2. Generate the master matrix: 
	Prep_2_Matrix_Generation.R
	output --> Supplementary_Files/Matrix_Biallelic_Monoallelic_Pathogenic_VUS_All_cancers_Mutation_Types_Paper.txt
	This creates an integer matrix where the columns represent TCGA cases, and the 
	rows, individual genes.
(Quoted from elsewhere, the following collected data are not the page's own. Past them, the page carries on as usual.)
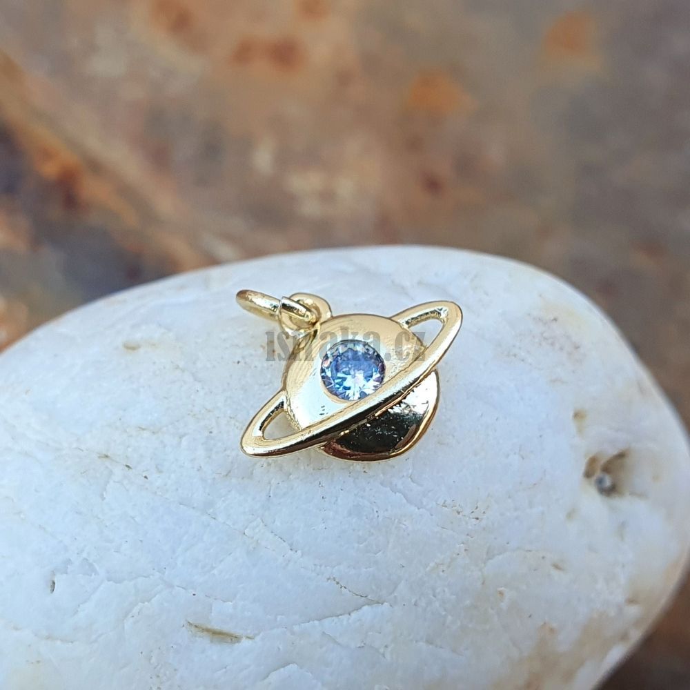 Přívěsek znázorňující planetu Saturn ve zlaté barvě s bílým kubickým zirkonem.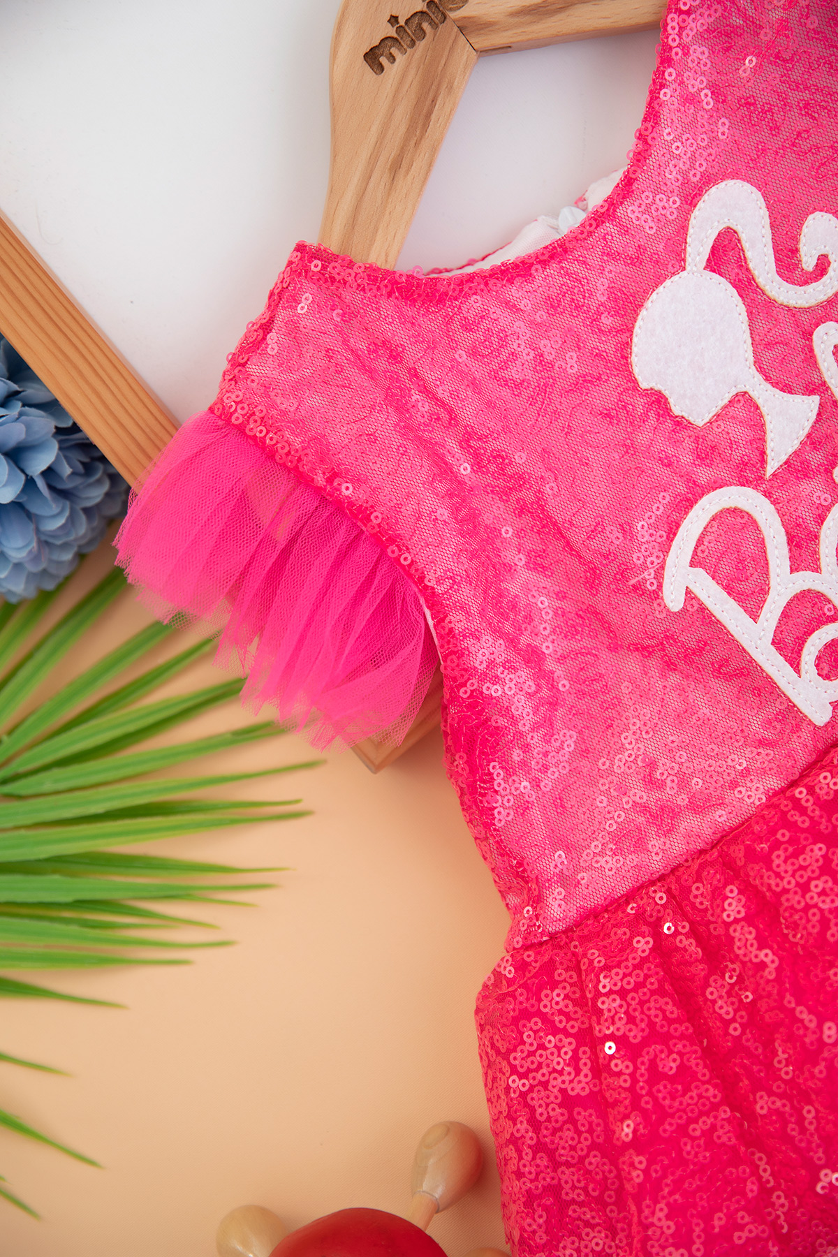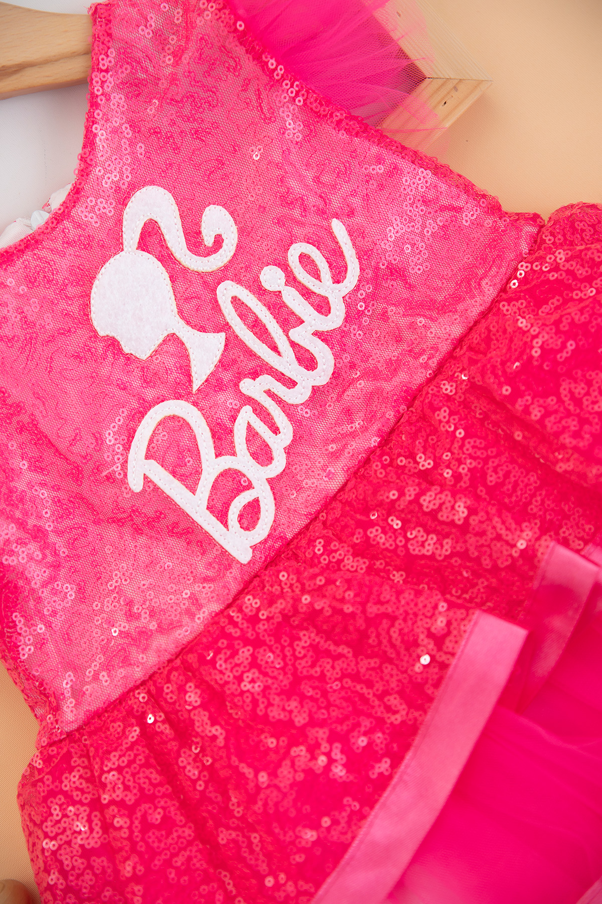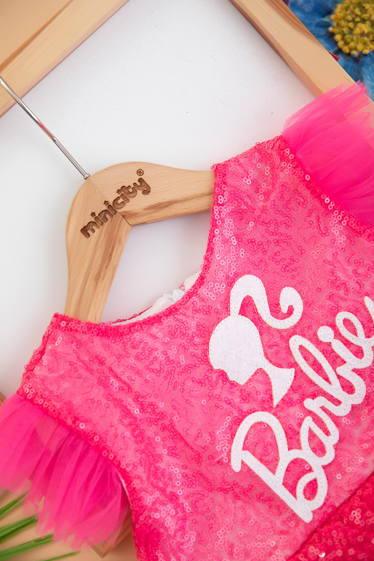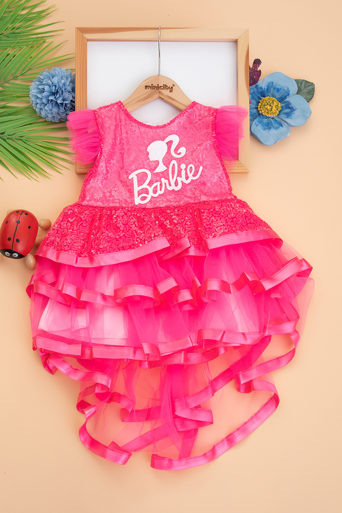 Kız Çocuk Kuyruklu Barbie Nakışlı Elbise - 878 (2-5 Yaş)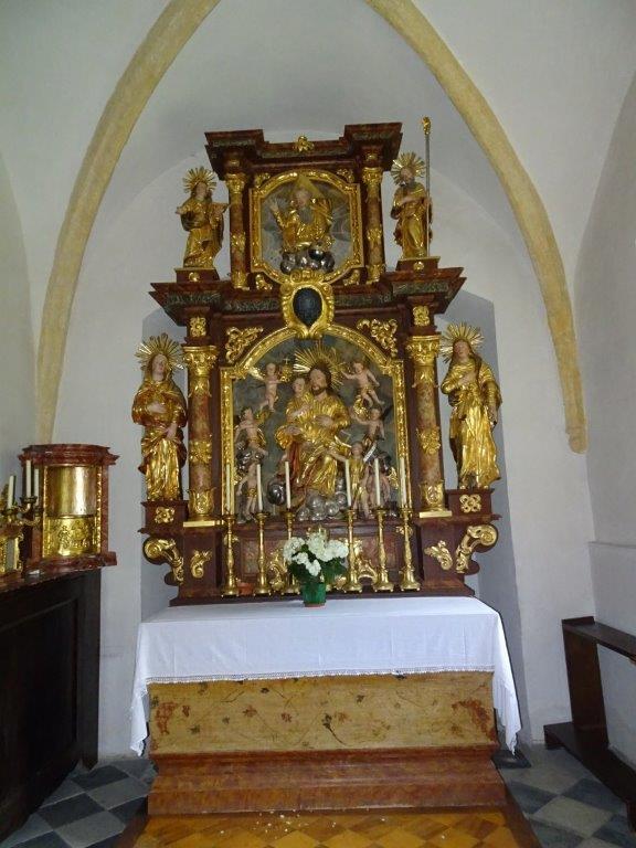 Der Josephsaltar mit strengem, frühbarockem Aufbau aus dem späten 17. Jh. stammt vom Künstler Matthias Kern und stellt die „Heilige Sippe“ dar, die Verwandten Jesu Christi. Diese Darstellung ist in der Steiermark einzigartig!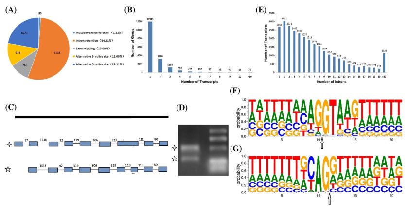 圖4.茶樹轉錄本及可變剪接特征分析

The values correspond to:
	0- wild type
	1- Germline biallelic pathogenic with LOH
	2- Germline biallelic pathogenic compound heterozygous (second somatic pathogenic hit)
	3- Germline biallelic VUS compound heterozygous (second somatic VUS hit)
	4- Germline mono allelic pahtogenic
	5- Somatic biallelic pathogenic with LOH
	6- Somatic biallelic pathogenic compund heterozygous (second somatic pathogenic hit)
	7- Somatic biallelic pathogenic VUS compund heterozygous (second somatic VUS hit)
	8- Somatic biallelic VUS with LOH
	9- Somatic monoallelic pathogenic
	10- Somatic monoallelic VUS


3. Generate figures Regarding incidence of bi-allelic and mono-allelic mutations:
	- Incidence of biallelic pathogenic alterations across cancer types: 
	  Run Generate_Fig1a.R --> Results_Figures_and_P_Values/Fig1a.pdf
	  
	- Incidence of biallelic pathogenic alterations per cancer type: 
	  Run Generate_Fig1b.R -->  >Results_Figures_and_P_Values/Fig1b.pdf
	  
	- Top 25 most frequently mutated HR-related genes:
	Generate_Suppl_Fig1a.R -- > Results_Figures_and_P_Values/Supplementary_Fig1a.pdf
	
	- Frequency of alterations per cancer type:
	Generate_Suppl_Fig1b.R -- > Results_Figures_and_P_Values/Supplementary_Fig1b.pdf
	
	- Breakdown of biallelic alteration types within the top 25 mutated genes:
	Generate_Suppl_Fig1c.R -- > Results_Figures_and_P_Values/Supplementary_Fig1c.pdf
	
	- Breakdown of biallelic alteration types across cancer types:
	Generate_Suppl_Fig1d.R -- > Results_Figures_and_P_Values/Supplementary_Fig1d.pdf

	  
4. Evaluate the association between genomic evidence of HR deficiency
   (LST & Mutational Signature 3) and bi-allelic genetic alterations in HR Genes
  
	- Association of LST and Signature3 in HBOC cancers:
	  Run Generate_Fig1c.R --> Results_Figures_and_P_Values/Fig1c ... .pdf
	  Generate_Fig1d.R --> Results_Figures_and_P_Values/Fig1d.pdf
	  
	- Association of LST and Signature3 across cancer types:
	  Generate_Fig1e.R --> Results_Figures_and_P_Values/Fig1e .... .pdf


5. Determine HR genes are mutually exclusive in HBOC cancers
	 - Run Generate_Fig2a_and_Input_for_WExT.R:
	 Generates --> Results_Figures_and_P_Values/Oncoprint_HBOCs_top16_LST15_OR_Dominant_MutSig3.txt

	 - To get the mutual exclusivity test p values first install WExT: 
 	 https://github.com/raphael-group/wext

         - Run Mutual exclusivity test Without VUS
	 time python wext_run_comet_without_VUS.py

	 - Mutual exclusivity test With VUS
	 time python wext_run_comet_with_VUS.py
	
	 ### Python codes provided here for the above 
	  		- wext_run_comet_with_VUS.py 
	  		- wext_run_comet_without_VUS.py

	  - An oncoprint can be generated from cbio portal:
			http://www.cbioportal.org/
			Use cbio portal --> tools --> Oncoprinter

Note: test_all_figures.R will run each of the figure scripts and save the results into the "Results_Figures_and_P_Values".